LIVRE : 1Q84 d'Haruki Murakami - 2009
Il faut maintenant me pousser un peu pour que je veuille bien reconnaître que la sortie d'un Murakami est un événement important. Les deux derniers livres étaient moyens, mais on mettait ça sur le compte de ce fameux chef-d'oeuvre-phénomène-au-Japon qui lui prenait tout son temps. La déception est d'autant plus amère lorsque sort le fameux objet. Non que 1Q84 soit mauvais, il serait même excellent pour commencer l’œuvre du maître si on n'avait encore rien lu de lui. Mais c'est justement ça : ce livre est le même que ceux qu'il a faits dans le passé, ni plus ni moins. Voire un peu moins... Haruki fait ce qu'il sait faire : une trame qui démarre sur un minimalisme très quotidien, sur un ton très réaliste, puis qui se vrille doucement pour nous faire entrer dans une nouvelle dimension "ni tout à fait la même ni tout à fait une autre". Il le fait bien, dame oui, et il parvient à nous entraîner une nouvelle fois sur la pente de ses délires mystico-science-fictionno-psychologico-truc avec brio ; le seul souci c'est qu'il nous a déjà fait le coup 5 ou 6 fois, et que le costume commence à être usé aux coudes. Ce ne sont même plus des ficelles, c'est du gros cable ; on sait à l'avance exactement ce que le gars va faire, non pas tant au niveau de la trame (encore une fois pleine d'imagination) que de la construction même de son récit. Quand il va accélérer, quand il va ralentir, quand il va lâcher des indices, quand il va nous perdre dans les interrogations. Quant aux formules, elle deviennent assommantes tant elles n'essayent même plus d'être autre chose, justement, que des formules. On aimât, il est vrai, dans le passé, la philosophie à la fois zen et très contemporaine du style murakamien, cette façon de distiller des maximes sybillines pour mieux nous interroger, le mystère qui émanait des récits fantastiques du bonhomme : ici, tout ça sent la fabrication, l'usine à produire du roman, et c'est désolant.

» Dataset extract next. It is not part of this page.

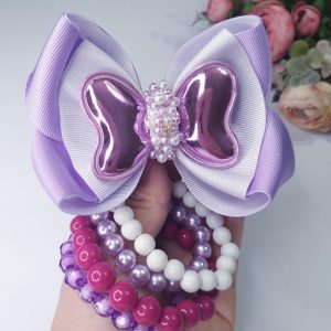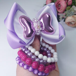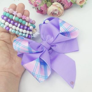 KIT LAÇO DE FITA LILÁS + PULSEIRAS
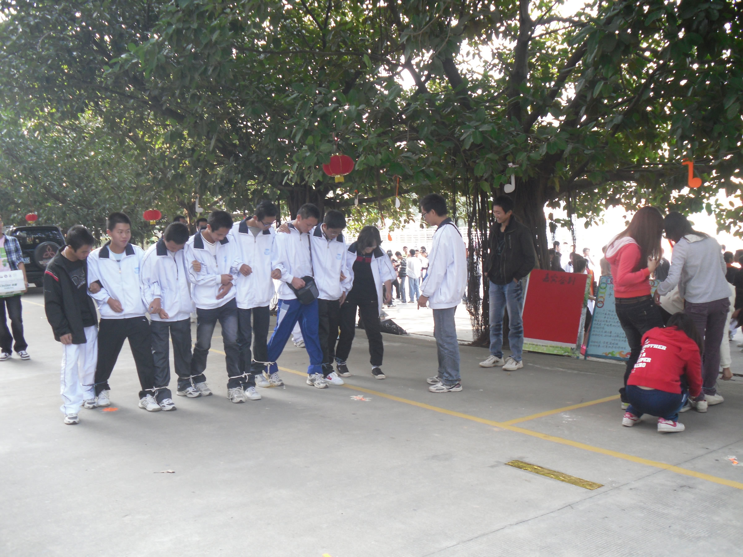 今天下午三点在排球场举行趣味运动会的决赛,同学们为了班集体的荣誉,在这里斗智斗勇。本次运动会由三个项目组成,分别是二人三足接力赛、三人三足争夺赛、八人九足竞赛。二人三足接力赛讲究默契与配合,参赛者用他们坚定的信念,为我们诠释着:就算跌倒也要重新站起来;三人三足争夺赛注重方法与策略,同学们用自己的聪明才智,为我们展现着:就算用跳也要跳过终点;八人九足竞赛注重团结与协调,同学们用自己的团队精神,向我们诉说着:身体平衡性和团队精神的重要性。整个比赛的过程中,场下观众的欢呼声、呐喊声、掌声一浪接着一浪,这不仅是一场比赛,更是一个增进同学之间感情的机会。

Ne soyons pas trop chien : le compère parvient à nous tenir sur ces premières 1000 pages (un troisième livre est en cours de traduction) sans trop de souci. La trame est complètement barrée : on suit en parallèle (un chapitre sur deux, ça aussi, c'est déjà fait) deux personnages : une tueuse à gages engagée pour tuer des hommes qui maltraitent des femmes, et un écrivain censé ré-écrire le roman d'une jeune fille prodige. Leurs histoires sans lien a priori vont bientôt fusionner quand ils vont se rendre compte qu'ils sont passés dans une sorte d'autre dimension : on n'est plus en 1984 mais en 1Q84, temporalité autre où tout peut arriver. Ajoutez à ça 12000 trames qui viennent croiser celles-ci (une secte, des disparitions, des femmes folles de sexe, un chien qui implose, des petits nains qui sortent de la bouche de chèvres mortes, un gars qui fait léviter des horloges... et j'en passe), placez le tout sous l'égide de Janacek et d'une double lune, et vous comprendrez que ça ne va pas beaucoup mieux dans la tête de notre Haruki. Il s'en donne ainsi à cœur joie dans le délire, tout en gardant ce sérieux impeccable qui marque des points : c'est fumeux comme pas possible, voire à la limite du n'importe quoi, c'est naïf comme les scénarios de science fiction que pourrait inventer un élève de 4ème B, mais c'est fait avec un telle foi dans le récit, avec un tel amour pour le roman au sens le plus pur du terme (une œuvre d'imagination) que ça force le respect. L'écriture, faussement simple, est posée, précise, et sait ménager les montées en puissance.
Toutes ces qualités font qu'on suit le récit avec sympathie et qu'on accepte de suivre le gars sur ces pentes de fantasy un peu con-con quand même. Mais ce côté sûr de lui finit par agacer, ce petit ton "je vous tiens, je suis le meilleur écrivain du monde, je vous emmène exactement où je veux" fatigue. D'autant que l'écriture est loin d'être exempte de défauts : il y a facilement 300 pages en trop, le style est d'une lenteur atterrante (est-ce bien nécessaire de répéter 30 fois les mêmes choses, ou de prendre (c'est un exemple qui me revient, comme ça, là) 5 ou 6 phrases pour nous décrire le bras d'un tourne-disque qui tourne "(le diamant suivit le sillon du disque et s'approcha du centre de celui-ci en émettant des sons qui, combinés entre eux, donnèrent une musique blablablabla", de mémoire) ?). La trame piétine pendant un bon moment, comme si l'auteur s'était dit que, de toute façon, il ferait un pavé et point barre. Heureusement, madré comme il l'est, il sait toujours où placer les événements qui vont relancer l'intérêt et nous redonner la foi pour les 200 pages suivantes. J'ajoute que la traduction française est à nouveau douteuse (peut-on vraiment croire qu'une femme qui se veut fatale drague un homme en lui demandant : "avez-vous un gros zizi ?"), et que tout ça sent quand même le commerce avec un peu trop d'ostentation. Je pose la question: et si Murakami avait fait son temps ? et s'il était l'heure pour lui de prendre sa retraite ? Je vous confirmerai ça avec le livre 3, que j'attends dans un état assez éloigné de la transe, je dois dire. (Gols - 27/09/11)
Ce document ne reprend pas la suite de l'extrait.